- **WHAT IS EXPECTED**
Please restate each entry that appears below word for word, without its pictures.

[[ RECORDS FOR THE EXERCISE open ]]

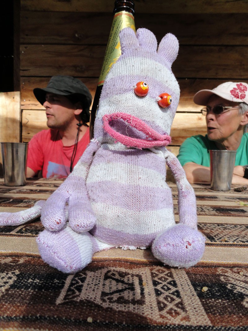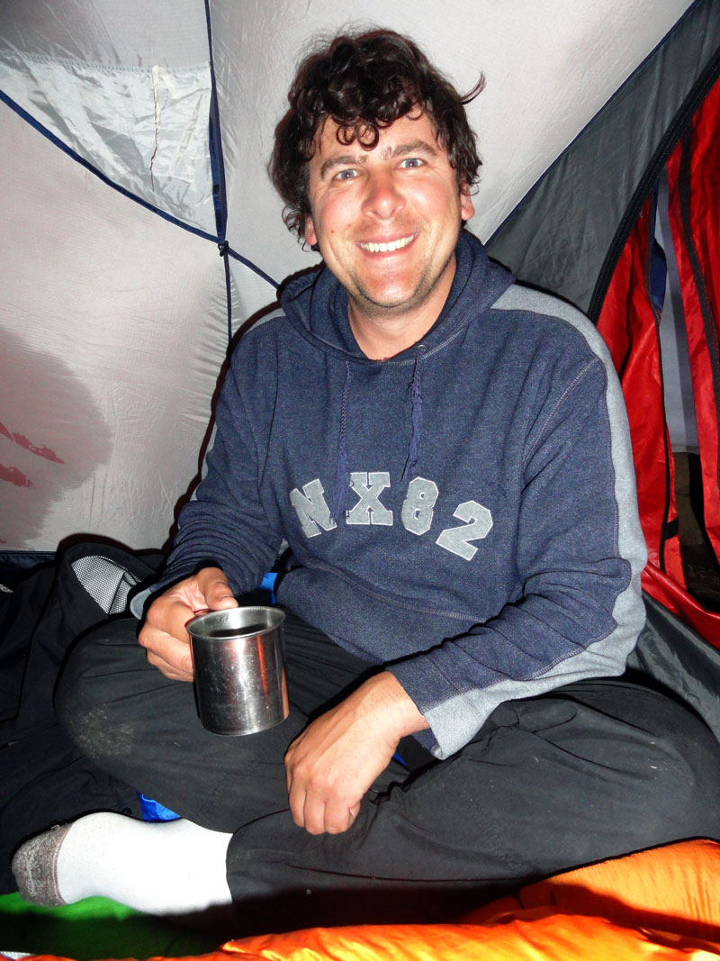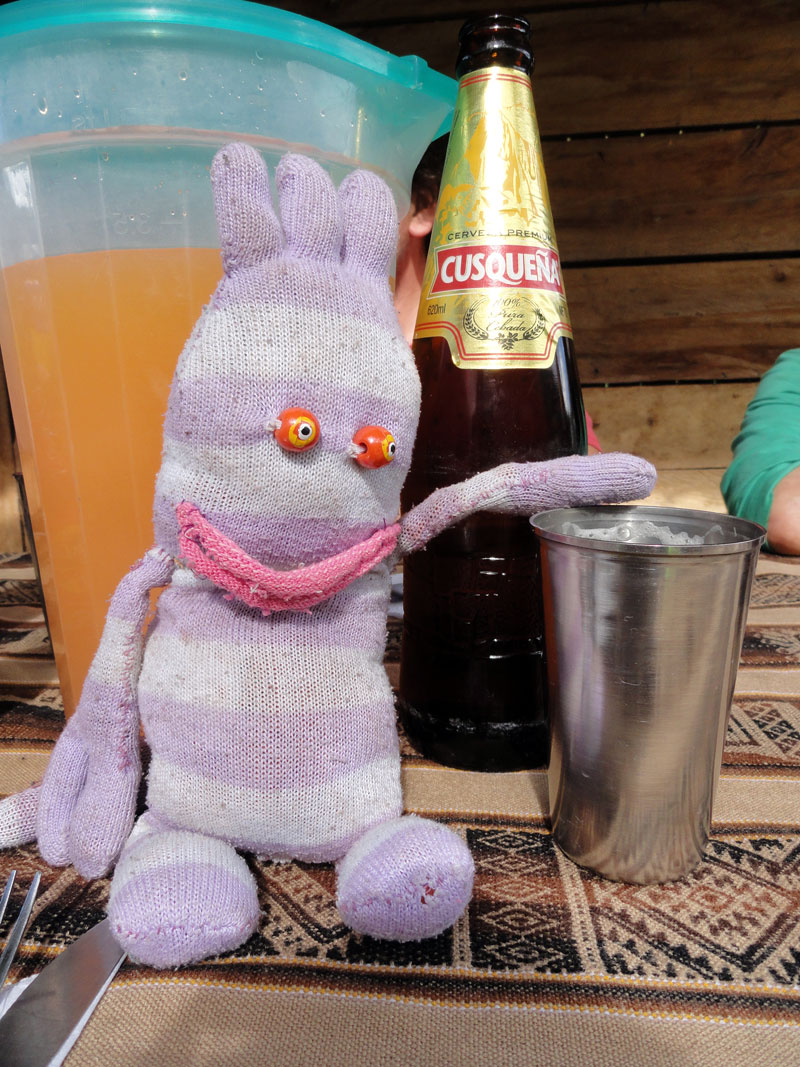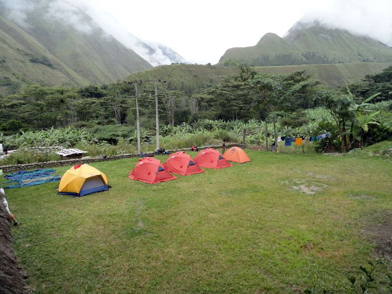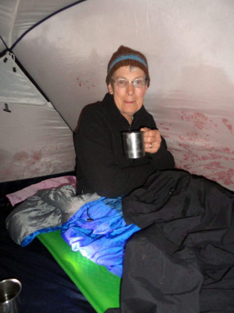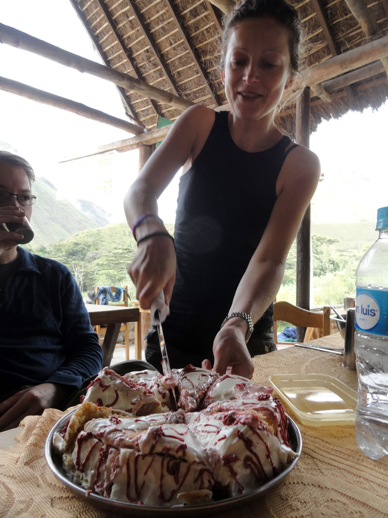 Los chefs prepararon una cena muy rico, pero fue demasiado comida y todos estábamos cansados y por eso después de poco comida y vino por supuesto, y unas historias de Juan sobre un “oso de anteojos” y muchas cuentas sobre fantasmas, regresamos a nuestras carpas. Antes de dormir, verifiqué con Jane. Ella no fue bien pero todavía ¡estaba viva!  Mi mamá y yo compartimos una carpa pero después de mirar a mis fotos del día en mi camera, nos quedamos dormidas muy rápidamente. Arlo me hubo traído su bolsa de dormir así como una colchoneta por eso estaba muy cómoda y también no necesité toda la ropa hube llevado más temprano.
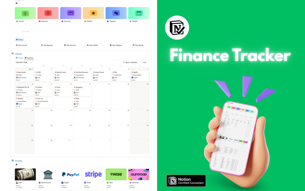 Take control of your finances with this Notion's Personal Finance template. Budget planners, expense trackers, trading journals, investment logs, and savings goals are all part of our suite, designed to help you manage your money smarter. Ideal for anyone looking to achieve financial stability and growth.
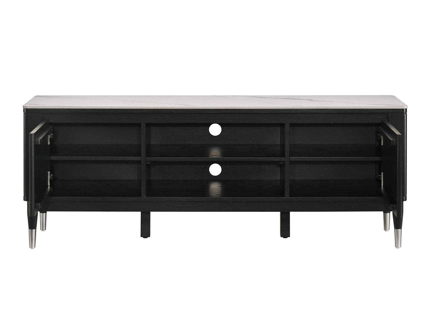 Contemporary Style TV Console Sintered Stone Top Silver Capped Arrow Legs Open Shelves Black And White Finish Primary Living Room
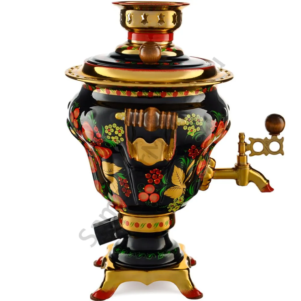 Работает от сети 220 V. К самовару прилагается шнур, красочная упаковка и инструкция по эксплуатации.
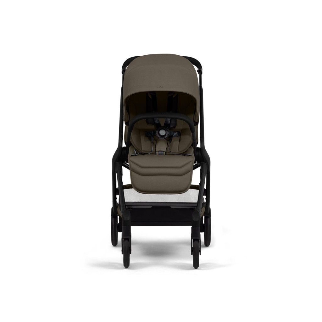 Pri skladaní si môžete vybrať, či potrebujete, aby sedátko smerovalo smerom k vám, alebo von smerom do sveta. Prenosnosť a ľahkosť kočíka je kľúčová, a preto je tu praktický popruh na prenášanie. Môžete si ho prehodiť cez rameno a vyjsť po schodoch s oboma rukami voľnými. Vieme, že hmotnosť s obyčajnými 9 kg oceníte s úsmevom na vašej tvári. Sme jedni z najľahších v segmente kompaktných kočíkov!
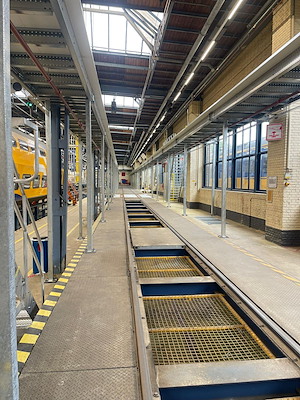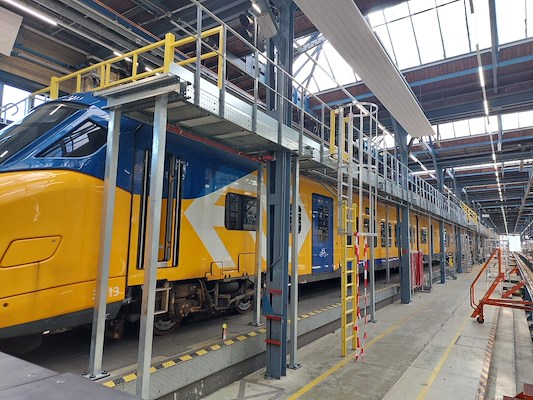 In opdracht van NS Amsterdam Zaanstraat heeft Nolte Mezzanine een onderhoudsbordes ontworpen, geleverd en gemonteerd. Dit bordes is geplaatst in de onderhoudswerkplaats waar dagelijks gewerkt wordt aan het inspecteren en onderhouden van treinen. Het doel van deze maatwerkoplossing: medewerkers op een veilige én praktische manier toegang geven tot hoger gelegen delen van het rollend materieel.

[[ RECORDS FOR THE EXERCISE closed ]]

- **WRITTEN ANSWER**
 Los chefs prepararon una cena muy rico, pero fue demasiado comida y todos estábamos cansados y por eso después de poco comida y vino por supuesto, y unas historias de Juan sobre un “oso de anteojos” y muchas cuentas sobre fantasmas, regresamos a nuestras carpas. Antes de dormir, verifiqué con Jane. Ella no fue bien pero todavía ¡estaba viva!  Mi mamá y yo compartimos una carpa pero después de mirar a mis fotos del día en mi camera, nos quedamos dormidas muy rápidamente. Arlo me hubo traído su bolsa de dormir así como una colchoneta por eso estaba muy cómoda y también no necesité toda la ropa hube llevado más temprano.
 Take control of your finances with this Notion's Personal Finance template. Budget planners, expense trackers, trading journals, investment logs, and savings goals are all part of our suite, designed to help you manage your money smarter. Ideal for anyone looking to achieve financial stability and growth.
 Contemporary Style TV Console Sintered Stone Top Silver Capped Arrow Legs Open Shelves Black And White Finish Primary Living Room
 Работает от сети 220 V. К самовару прилагается шнур, красочная упаковка и инструкция по эксплуатации.
 Pri skladaní si môžete vybrať, či potrebujete, aby sedátko smerovalo smerom k vám, alebo von smerom do sveta. Prenosnosť a ľahkosť kočíka je kľúčová, a preto je tu praktický popruh na prenášanie. Môžete si ho prehodiť cez rameno a vyjsť po schodoch s oboma rukami voľnými. Vieme, že hmotnosť s obyčajnými 9 kg oceníte s úsmevom na vašej tvári. Sme jedni z najľahších v segmente kompaktných kočíkov!
 In opdracht van NS Amsterdam Zaanstraat heeft Nolte Mezzanine een onderhoudsbordes ontworpen, geleverd en gemonteerd. Dit bordes is geplaatst in de onderhoudswerkplaats waar dagelijks gewerkt wordt aan het inspecteren en onderhouden van treinen. Het doel van deze maatwerkoplossing: medewerkers op een veilige én praktische manier toegang geven tot hoger gelegen delen van het rollend materieel.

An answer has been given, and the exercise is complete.